Nothing gets Saigon foodies up in arms faster than the ratio of 10 phở restaurants to zero bánh mì place, but this disproportionate phở favoritism is just one of many ways the Michelin Guide has fumbled in its recently published guide to Vietnam.

There is no doubt that Vietnamese love awards. As a nation historically behind the world in many disciplines, from science to arts, due to wartime reasons beyond our control, Vietnam cheerily celebrates when any one of us gets recognized by the international community. When it was announced last year that the prestigious food publication Michelin Guide would unveil its first-ever Vietnam edition, local foodies were buzzing with excitement. Finally, a competitive field that we do well and can confidently surpass many developed nations — cooking and eating good food. After nearly half a year, Michelin dropped its official Vietnam guide during a ceremony in Hanoi last week. A total of 103 establishments in Saigon and Hanoi made the cut, including four single-star restaurants, one in Saigon and three in Hanoi.

A global opportunity for Vietnam’s hospitality and tourism industry

The Michelin guide was started by its titular tire-producing parent company as a free add-on to give motorists tips on how to change tires, where to rest during their trips, and which places on the road serve decent refreshments. In the 1920s, the guide started giving stars to fine-dining restaurants and its reputation started growing gradually over the 20th century into the well-known culinary institution of today.

A selection of physical Michelin Guide books. Photo via Eater.
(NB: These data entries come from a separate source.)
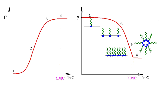 When a certain bulk concentration of the surfactant is reached and the surface is completely covered so that no further molecules can be adsorbed at the interface, further surfactant molecules form aggregates in the solution bulk, micelles. At this so-called critical micelle concentration CMC, Γ becomes essentially constant, and also the surface tension gamma shows a kink and remains almost constant above the CMC.
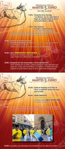 11:00 Pasacalles de la charanga Los Mataos por las calles hasta el hogar del jubilado, donde se partirá hacia Santa María la Mayor.
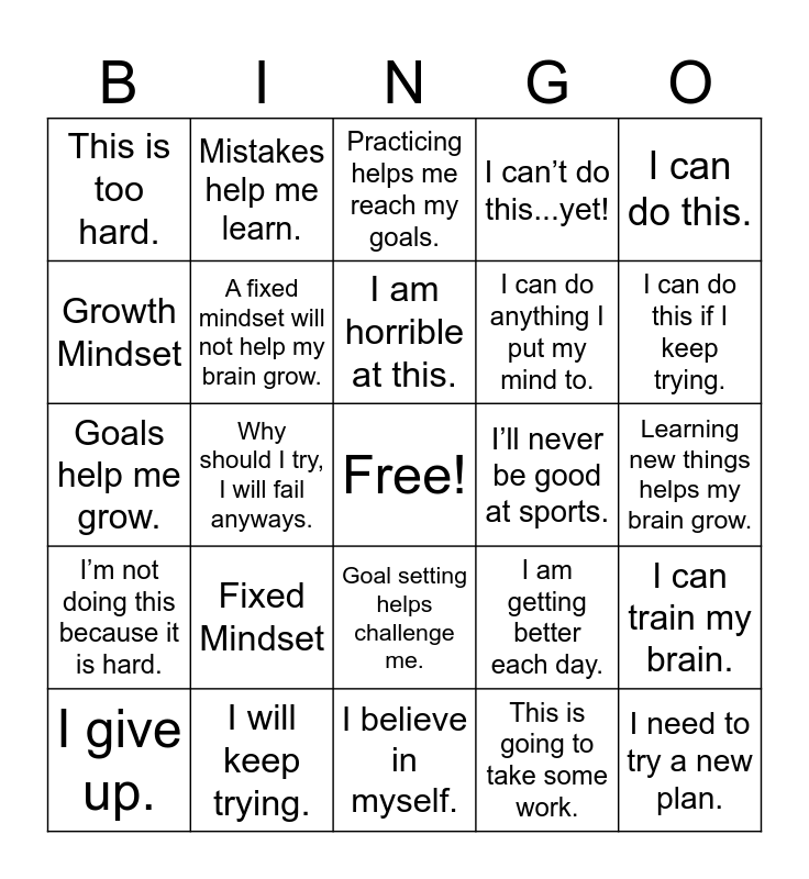This bingo card has a free space and 24 words: Fixed Mindset, I will keep trying., I am horrible at this., I give up., I can do this., This is too hard., Growth Mindset, Mistakes help me learn., I’ll never be good at sports., Goal setting helps challenge me., I can do anything I put my mind to., Goals help me grow., I am getting better each day., I can train my brain., A fixed mindset will not help my brain grow., This is going to take some work., Learning new things helps my brain grow., Practicing helps me reach my goals., I can do this if I keep trying., Why should I try, I will fail anyways., I need to try a new plan., I’m not doing this because it is hard., I can’t do this...yet! and I believe in myself..
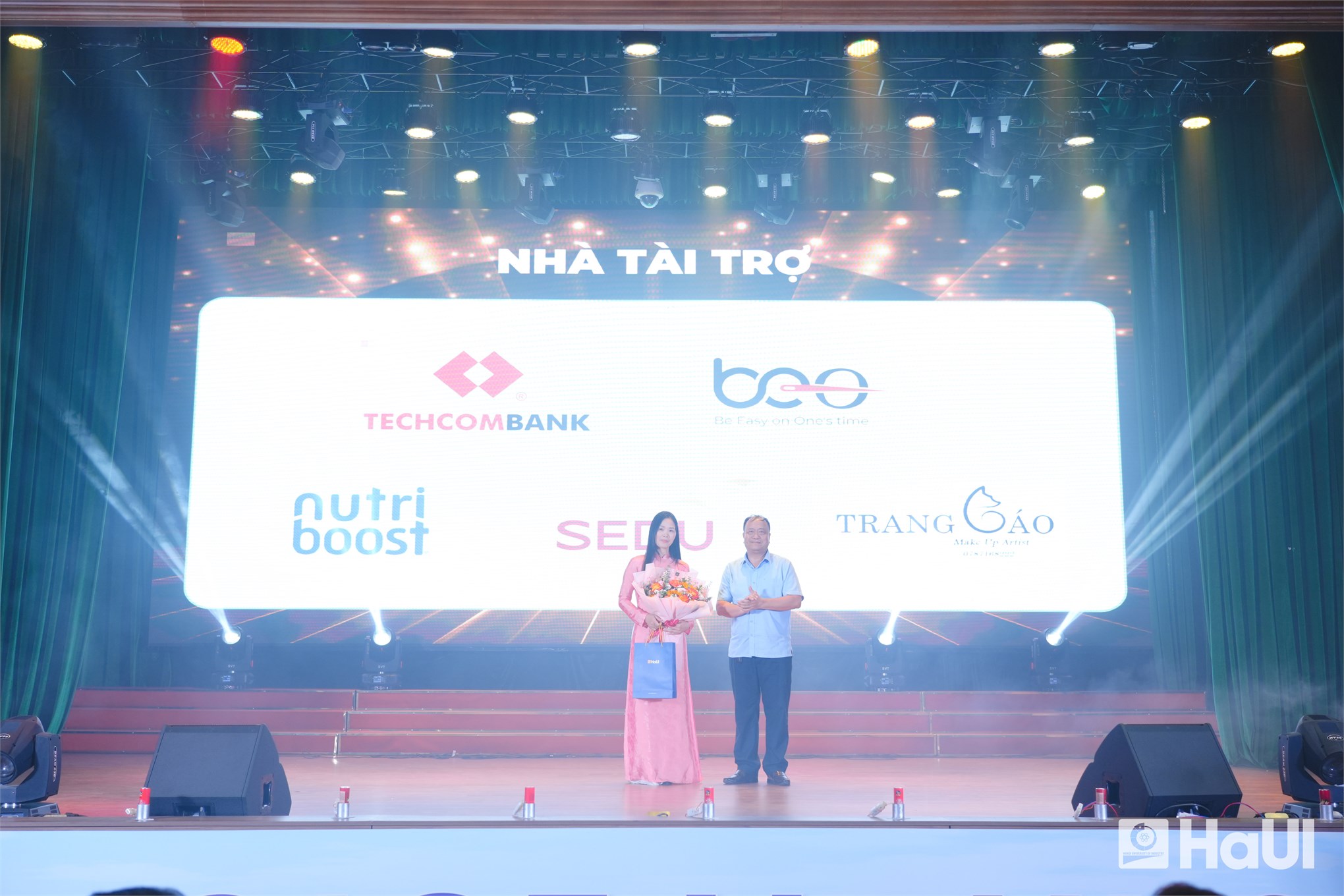 TS. Nguyễn Văn Thiện, Phó Bí thư Đảng ủy, Phó Hiệu trưởng Nhà trường tặng hoa tri ân nhà tài trợ của chương trình
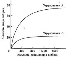 Рис. 4. Залежність видового багатства чисельності окремих організмів у двох гіпотетичних угрупованнях. В угрупованні А видове багатство значно вище, ніж в угрупованні Б.
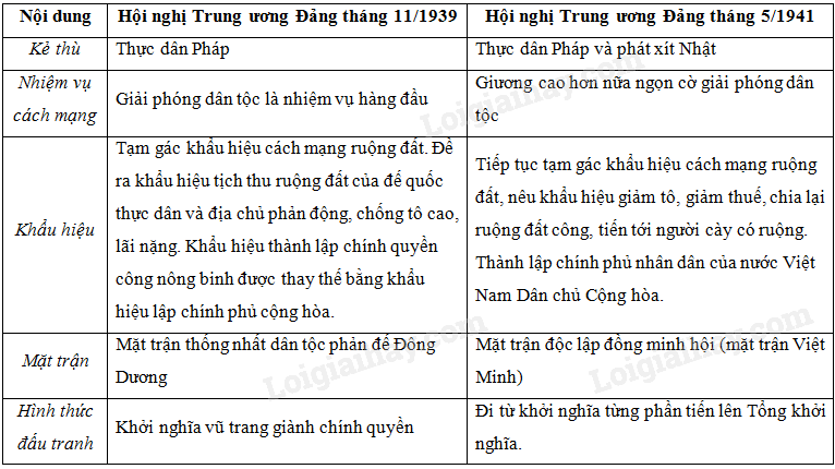 – So sánh Hội nghị Trung ương Đảng tháng 11/1939 với Hội nghị Trung ương Đảng tháng 5/1941.
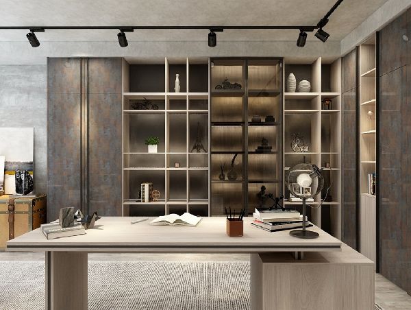 具有现代感的家庭办公室,领尚书柜“隐蔽式+开放式”储物设计并用,可按照阅读习惯进行书籍摆放,大量格子空间的划分也更便于书籍分类存放。开放式的书架顺着书桌的线条,创造出一个整体性的造型,尤其干净利落。
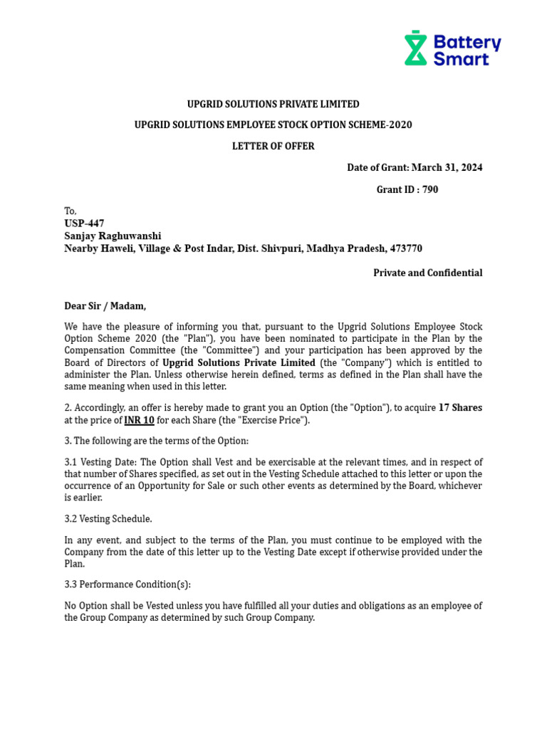 Upgrid Solutions Employee Stock Option Offer | PDF | Vesting | Stocks

Considering its beginning in haute cuisine, I think the majority of Michelin selections on the higher end of the scale are shared by many local food enthusiasts with few exceptions. Still, certain corners of the Vietnamese cybersphere have picked apart the list over issues like consistency, industry seniority, and authenticity, wondering whether some names are deserving of the accolade.

I have to admit to being an outsider in this conversation, for I possess little interest in fine dining and have been to very few of the upscale restaurants in Saigon that were picked. Having experienced a food landscape that was nearly obliterated by the global pandemic and is just starting to rebuild again, however, I have much sympathy for those trying to survive in the F&B scene, no matter which demographic of diners they’re serving. Whether one deserves their place more than the other, everybody needs a little help in this economic climate, which might hopefully come from their newfound Michelin cred.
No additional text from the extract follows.